◆ **Exercise**
Would you restate all of the entries verbatim, minus any images?

Dataset records:
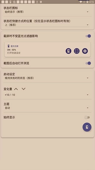 根据自身需求调整不同滤镜效果,能让手机使用体验更清晰,该程序可对屏幕颜色进行调节。
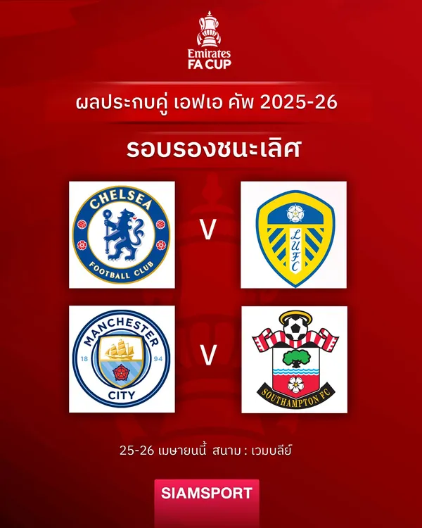 ผลการประกบคู่ศึกเอฟเอ คัพ รอบรองชนะเลิศ แมนเชสเตอร์ ซิตี้ พบ เซาธ์แฮมป์ตัน ส่วน เชลซี ปะทะ ลีดส์ ยูไนเต็ด โดยเตะที่เวมบลีย์ วันที่ 25-26 เมษายนนี้
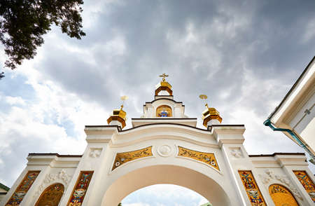 Arch with golden domes at Kiev Pechersk Lavra Christian complex against cloudy sky.
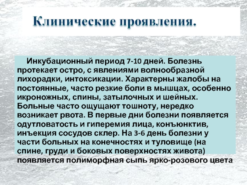 мышцах, особенно икроножных, спины, затылочных и шейных. Больные часто ощущают тошноту, нередко возникает рвота. В первые дни болезни появляется одутловатость и гиперемия лица, конъюнктив, инъекция сосудов склер. На 3-6 день болезни у части больных на конечностях и туловище (на спине, груди и боковых поверхностях живота) появляется полиморфная сыпь ярко-розового цвета
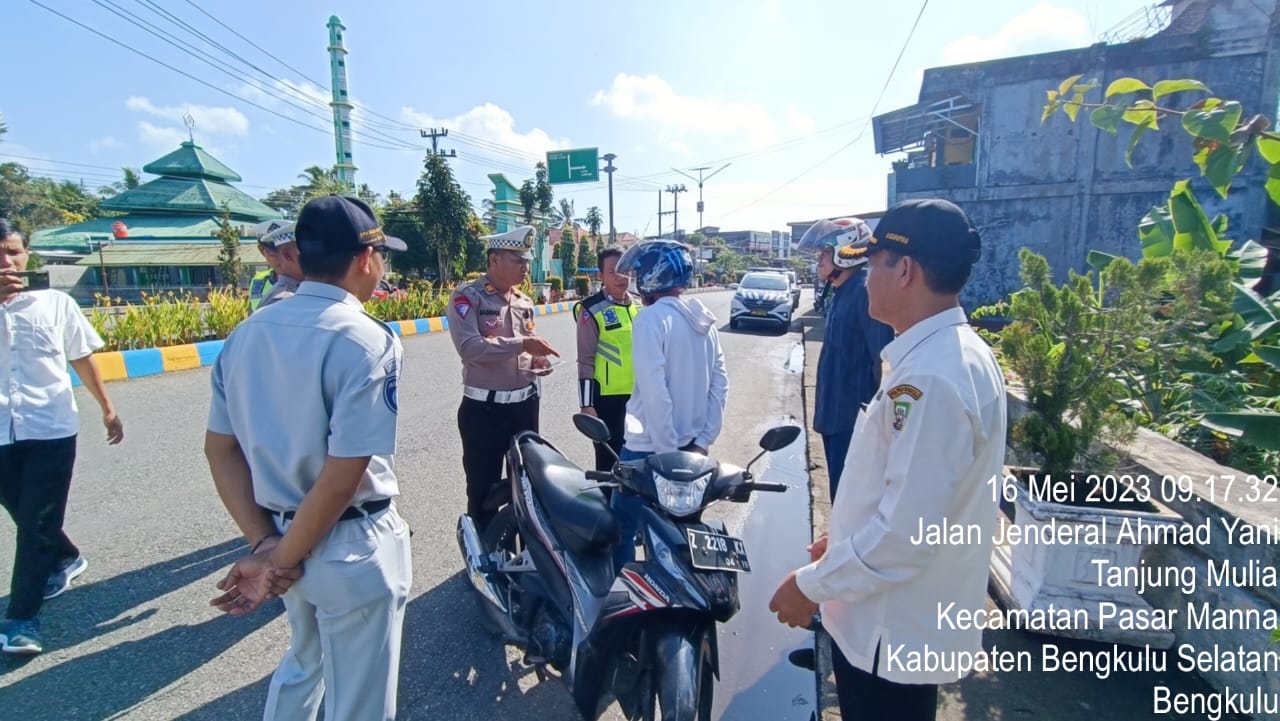 Sat Lantas Polres Bengkulu Selatan Polda Bengkulu, melaksanakan penegakan hukum dan pemeriksaan kendaraan bermotor dalam rangka mendukung program Pemutihan Pajak Ranmor, di Jalan raya Simpang tiga Rukis, Manna Bengkulu Selatan, Selasa (16/05/23).

◆ **Exercise answer**
 根据自身需求调整不同滤镜效果,能让手机使用体验更清晰,该程序可对屏幕颜色进行调节。
 ผลการประกบคู่ศึกเอฟเอ คัพ รอบรองชนะเลิศ แมนเชสเตอร์ ซิตี้ พบ เซาธ์แฮมป์ตัน ส่วน เชลซี ปะทะ ลีดส์ ยูไนเต็ด โดยเตะที่เวมบลีย์ วันที่ 25-26 เมษายนนี้
 Arch with golden domes at Kiev Pechersk Lavra Christian complex against cloudy sky.
 мышцах, особенно икроножных, спины, затылочных и шейных. Больные часто ощущают тошноту, нередко возникает рвота. В первые дни болезни появляется одутловатость и гиперемия лица, конъюнктив, инъекция сосудов склер. На 3-6 день болезни у части больных на конечностях и туловище (на спине, груди и боковых поверхностях живота) появляется полиморфная сыпь ярко-розового цвета
 Sat Lantas Polres Bengkulu Selatan Polda Bengkulu, melaksanakan penegakan hukum dan pemeriksaan kendaraan bermotor dalam rangka mendukung program Pemutihan Pajak Ranmor, di Jalan raya Simpang tiga Rukis, Manna Bengkulu Selatan, Selasa (16/05/23).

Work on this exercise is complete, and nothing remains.